Search code examples
c++pcappcapplusplus

Can you index a PCAP file without loading it all into memory?


I have to look at PCAPs that are quite large, around 40GB. What I'm doing right now is using PCAP++ to parse the PCAPs one at a time and process the data inside them. That data is placed into a buffer for it to be viewed. To save memory, I throw out the old data as you continue through the PCAP. This allows me to only use about 150MBs at a time. However, if the user wants to go back and view the data too far back, they can't because it's been thrown out.

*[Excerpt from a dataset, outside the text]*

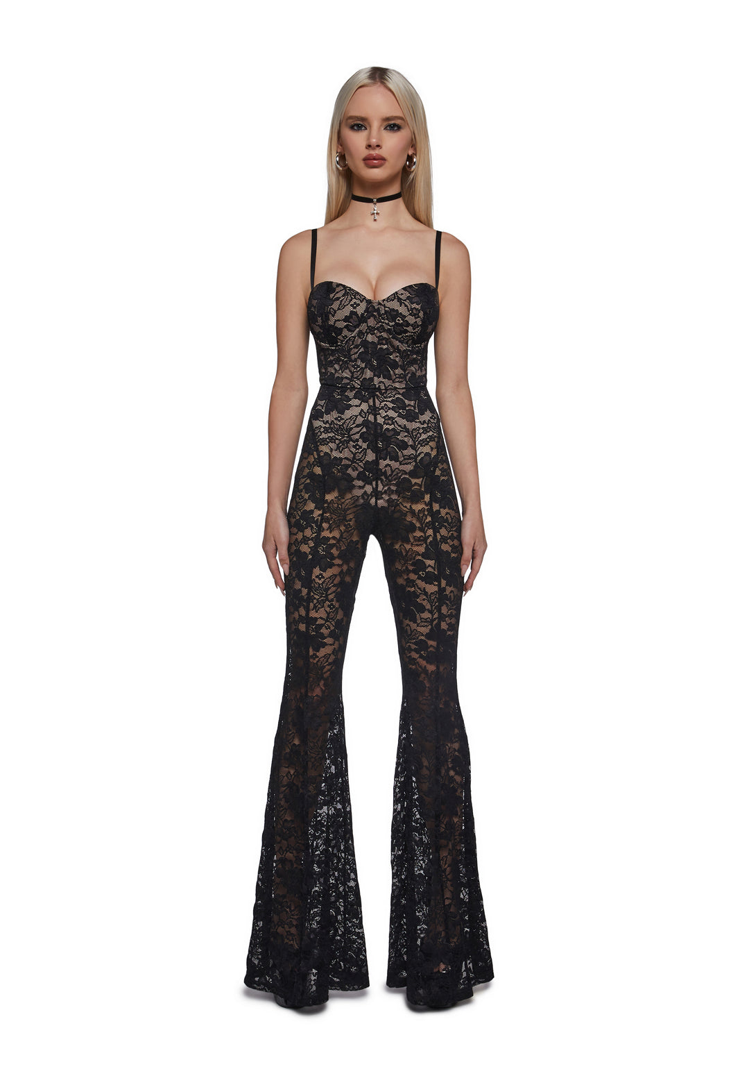 Turn up the allure with this lace halter bodysuit featuring a plunging neckline, sheer floral detailing, and a sculpted silhouette that enhances every curve. Its delicate straps and flared lace legs add a dramatic, high-fashion edge.

Is there any way I can look at the PCAP file and go to the packets in which the data was stored and reprocess the data if the user wants to look back? It seems that if I want to get certain packets I would have to reload the file and look through it all again for each and every single section of data or split up the pcap file into a ton of bite size chunks.


Solution

  • So I figured it out and short answer is no. PCAP++ doesn't support any functionality that could index, or mimic indexing, on a pcap file. I switched back to libpcap, (this also should work in windows with winpcap but I haven't tested it yet) in order to use a different library to help sort out what needed to be done. To do this properly you need to use file pointers that point to the critical packets (or all packets, depending on what you want) in your pcap file. Here's how it works:

    #ifdef _MSC_VER
        pcap_t *pcap = pcap_open_offline((pcapPath.string()).c_str(), errbuf);
    #else
        pcap_t *pcap = pcap_open_offline(pcapPath.c_str(), errbuf);
    #endif
    
    //-----------------------------
    //... General Packet setup ...
    //-----------------------------
    
    vector<fpos_t*> pcapIndexer;
    while(/*Get Next Packet*/){
    
        //Parse the packet and get required flag
        //to know if it is a critical packet
    
        if(/*Check some condition from the data*/){
            fpos_t* position;
    #ifdef _MSC_VER
            pcap_fgetpos(pcap, position);
    #else
            FILE* f = pcap_file(pcap);
            fgetpos(f, position);
    #endif
            pcapIndexer.push_back(position);
        }
    }
        
    

    From the above code, you would go through each packet and depending on the data in the packet, you would add that file pointer to the vector of file pointers. Then once you need to load a packet, you create a new pcap_t pointer and use this:

    #ifdef _MSC_VER
        pcap_fsetpos(pcap, pcapIndexer[x]);
    #else
        FILE* f = pcap_file(pcap);
        fsetpos(f, pcapIndexer[x]);
    #endif
    

    You can then read as normal from that point. Note that you will have to run through the entire pcap file in order to fill out this vector of file pointers however if you use multi threading you can use some of the data that is in the earlier packets while the rest of the pcap file is being read through and added to the vector. This allows you to load in a select amount of data and then be able to jump back and forth to grab data from elsewhere in the pcap file. I hope this helps someone else in this situation.